My boyfriend freaks right out every time he is pressured into driving in the dark. It's a less severe freakout when he is just a passenger in my car after dark, but my car has a broken headlight. I have heard the "I'd rather not drive at night." speech at least fifty times this year.

He also does not like to turn left and will go to great lengths to avoid doing so. In my mind, I have declared both of these things "silly business". In his mind, he has declared them both "unsafe", and good luck getting Steady to do something he thinks might not be safe.

Last night, we're driving along trying to find dinner at ten pm, and things got really, really ugly. I wanted him to turn left into a shopping center, but I hadn't ever pulled into it before so I didn't know exactly where the driveway was.
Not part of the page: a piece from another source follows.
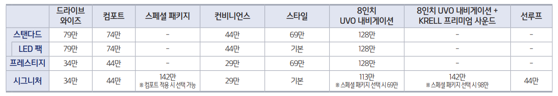 시그니처 - 21,800,000원 ▶ 프레스티지를 기본으로 외장/내장/시트/편의 옵션이 추가 됩니다.
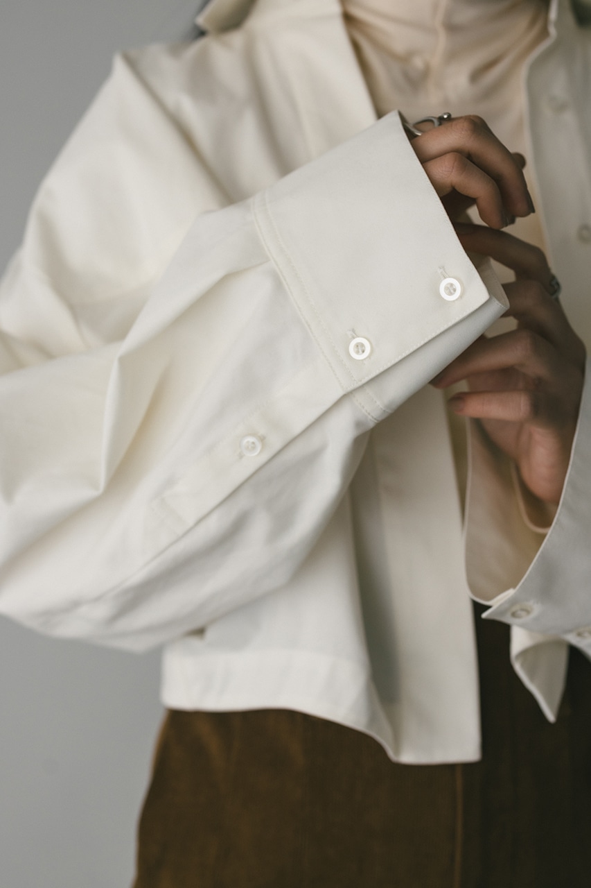 袖口のワイドスリーブと前にふったジャケットのような袖のシルエットがモードなショートシャツ。コンパクトな丈感とふくらみのあるパターンでつくる立体感のある丸いシルエットがポイント。前身頃は比翼仕立てですっきりとしたデザインに仕上げました。しっかりとした張り感のあるシャツ生地を使用しているのでトップスとしてはもちろん、羽織としても着用いただけます。ストレッチなし、透け感なし。

There was so much screaming. "WHERE?" "RIGHT THERE!" "ON THE LEFT? HOW AM I GOING TO GET IN THERE?" "THE RESTAURANT IS RIGHT THERE. SEE THE SIGN?" "HOW DO I GET IN?" "IT'S RIGHT THERE."

We did not turn left into the shopping center. Instead we continued driving and yelling at each other for at least six more miles before finally getting some Taco Bell.

And when he tried to tell me how stressful he finds driving at night and how he HATES not knowing where, exactly, it is he is supposed to put the car at every second, and how he hates turning across traffic, and, also, I have been made aware of these things not less than thirty times each and for some reason refuse to accept them as true... I heard a little voice in my head say "... because they are all silly business."